Density-based spatial clustering of application with noise (DBSCAN)^14,15 is a clustering algorithm based on the difference of density. It is also well known for its ability to reject noise points based on a minimum number of points within a predesignated radius from a given point. Since the 3D LiDAR point clouds are often noisy,¹⁶ DBSCAN can be the preferred algorithm to cluster 3D LiDAR point clouds. Nevertheless, it seeks every point in the given data set to find the nearest points and then clusters them together. It is thus time-consuming and is not suitable for online work when the data set is large. For improving its speed, usually special data structures¹⁷ are necessary, such as constructing a kd-tree. Kd-tree-based DBSCAN can significantly enhance the searching efficiency¹⁸; however, construction of a kd-tree is quite complex and also time-intensive.

In this article, a range image-based DBSCAN clustering method is proposed. It employs a two-dimensional (2D) range image in which each pixel stores the information of the corresponding point. University of Michigan North Campus Long-Term Vision and LiDAR Dataset (NCLT data set)⁸ utilizing Velodyne HDL-32E is used. The speed of the proposed algorithm is compared with DBSCAN and kd-tree-based DBSCAN, which shows a significant improvement for 572.4 times faster than DBSCAN and 16.89 times faster than kd-tree-based DBSCAN. The clustering accuracy is 10.2% higher than Fast Segmentation algorithm¹ and 5.08% higher than Scan Line Run algorithm.¹⁹

The remainder of this article is organized as follows. The “Related work” section introduces existing works relating to the research topic. In the “Range image-based segmentation” section, the proposed methods are described in detail. The “Experiments” section presents the results and analysis of conducted experiments. The “Conclusions” section concludes this article.

Related work

Clustering is an essential step in pre-processing LiDAR points.
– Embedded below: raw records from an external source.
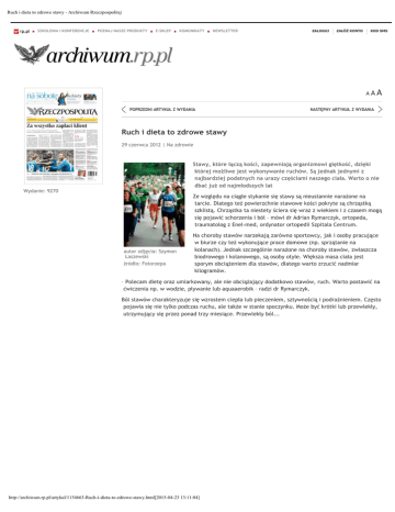 Ruch i dieta to zdrowe stawy - Archiwum Rzeczpospolitej SZKOLENIA I KONFERENCJE POZNAJ NASZE PRODUKTY E-SKLEP KOMUNIKATY NEWSLETTER ZALOGUJ ZAŁÓŻ KONTO KOD SMS AAA POPRZEDNI ARTYKUŁ Z WYDANIA NASTĘPNY ARTYKUŁ Z WYDANIA Ruch i dieta to zdrowe stawy 29 czerwca 2012 | Na zdrowie Stawy, które łączą kości, zapewniają organizmowi giętkość, dzięki której możliwe jest wykonywanie ruchów. Są jednak jednymi z najbardziej podatnych na urazy częściami naszego ciała. Warto o nie dbać już od najmłodszych lat Wydanie: 9270 Ze względu na ciągłe stykanie się stawy są nieustannie narażone na tarcie. Dlatego też powierzchnie stawowe kości pokryte są chrząstką szklistą. Chrząstka ta niestety ściera się wraz z wiekiem i z czasem mogą się pojawić schorzenia i ból – mówi dr Adrian Rymarczyk, ortopeda, traumatolog z Enel-med, ordynator ortopedii Szpitala Centrum. autor zdjęcia: Szymon Łaszewski źródło: Fotorzepa Na choroby stawów narzekają zarówno sportowcy, jak i osoby pracujące w biurze czy też wykonujące prace domowe (np. sprzątanie na kolanach). Jednak szczególnie narażone na choroby stawów, zwłaszcza biodrowego i kolanowego, są osoby otyłe. Większa masa ciała jest sporym obciążeniem dla stawów, dlatego warto zrzucić nadmiar kilogramów. – Polecam dietę oraz umiarkowany, ale nie obciążający dodatkowo stawów, ruch. Warto postawić na ćwiczenia np. w wodzie, pływanie lub aquaaerobik – radzi dr Rymarczyk. Ból stawów charakteryzuje się wzrostem ciepła lub pieczeniem, sztywnością i podrażnieniem. Często pojawia się nie tylko podczas ruchu, ale także w stanie spoczynku. Może być krótki lub przewlekły, utrzymujący się przez ponad trzy miesiące. Przewlekły ból... http://archiwum.rp.pl/artykul/1154663-Ruch-i-dieta-to-zdrowe-stawy.html[2015-04-23 13:11:04]
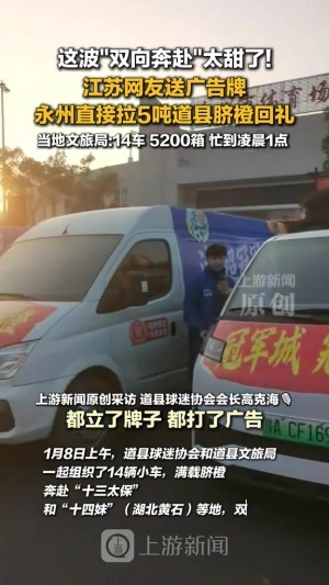 这波“双向奔赴”太甜了!江苏网友送广告牌,永州直接拉5吨道县脐橙回礼,当地文旅局:14车,5200箱,忙到凌晨1点。
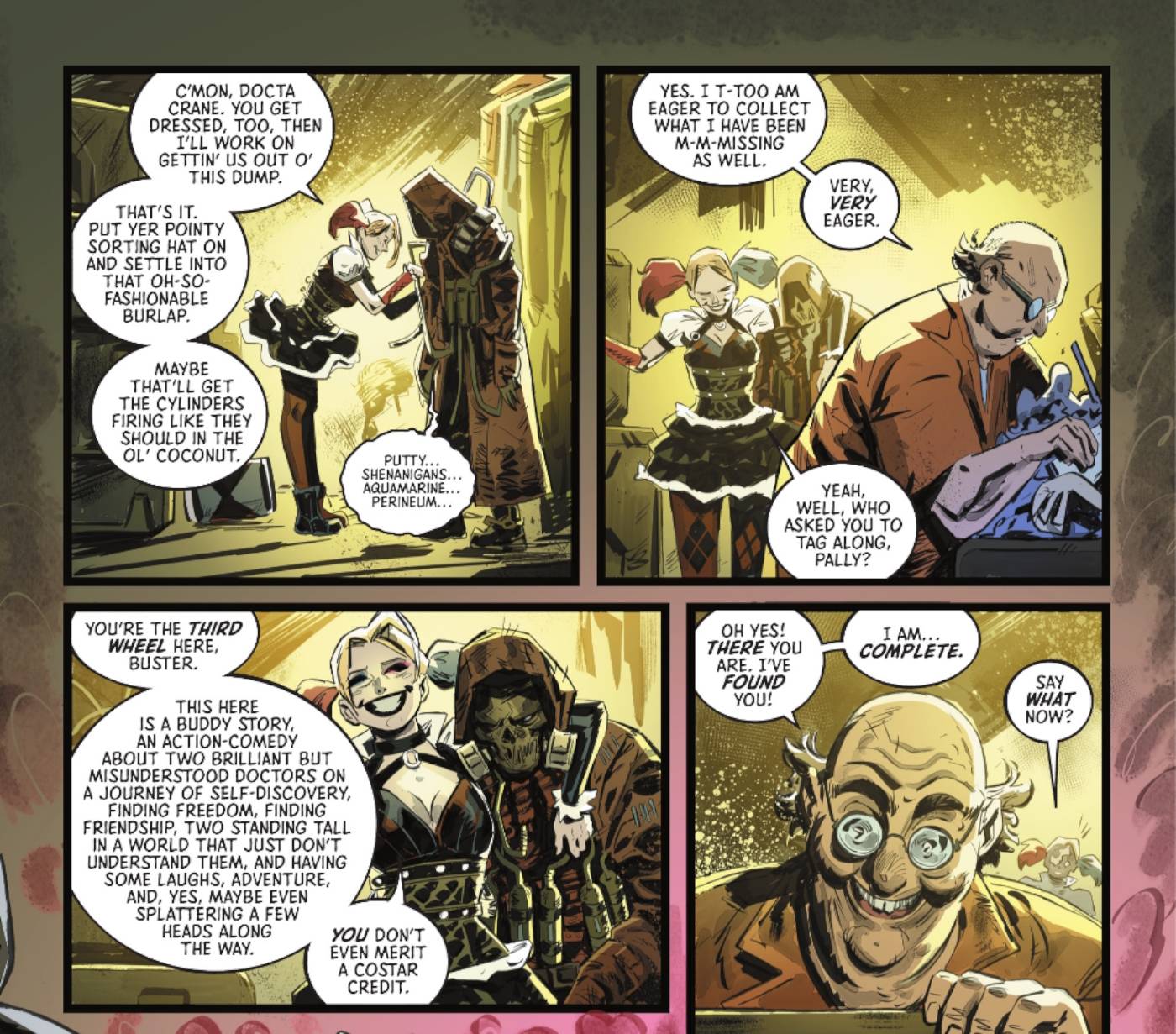 Como ven los lectores en Escuadrón Suicida: Mata a Arkham Asylum #3, Scarecrow ya no es el villano que solía ser. Parece completamente incapaz de cuidar de sí mismo, necesita que Harley Quinn lo vista con su viejo equipo, y continuamente balbucea frases aparentemente sin relación. Este es un destino bastante oscuro para Scarecrow y muestra cómo el arkham La versión de Batman es mucho más brutal de lo habitual. Incluso Arkham La versión de Riddler admitió que tuvo pesadillas con Batman y estaba traumatizado por cómo fue brutalizado por él. Parece que Espantapájaros se llevó la peor parte de esto, ya que Batman literalmente le rompió la cabeza.

Hence, many studies have been conducted relating to it.^14,20 In this section, some existing studies are noted and are primarily grouped into two types.

The first type is based on voxel occupancy. It first partitions the points into voxels to form a higher level representation of points to achieve time reduction when the points must again be processed.^2,21,22 Aijazi²² used a chain method to segment points after voxelization of points to reduce the clustering time. However, that method employed color information in aid of clustering. Himmelsbach et al.² applied point clustering on the non-ground voxels using a threshold in the vertical direction between voxels. Voxelization of points can significantly reduce the time by reducing the number of primitives that must be processed. However, this approach is prone to under-clustering of points.

The second type involves processing a point cloud based on single point. Since this kind of method relies on the structure of points, a preprocessing step to construct a specified point structure^11,13,23,24 is usually executed first. Otherwise, the consumption of time is unacceptable due to the iterative traversal of all the points in the given data set. Meanwhile, Shrihari et al.¹¹ and Klaas et al.²³ first constructed a kd-tree before clustering, which reduced the lookup time when searching the nearest neighboring points. In addition, Lu et al.¹³ proposed a pairwise linkage structure to connect the given point with its closest point, which reduced the search time combined with a cutoff distance to cluster the points according to its local densities. All the mentioned data structures are quite complex and account for a large proportion of running time.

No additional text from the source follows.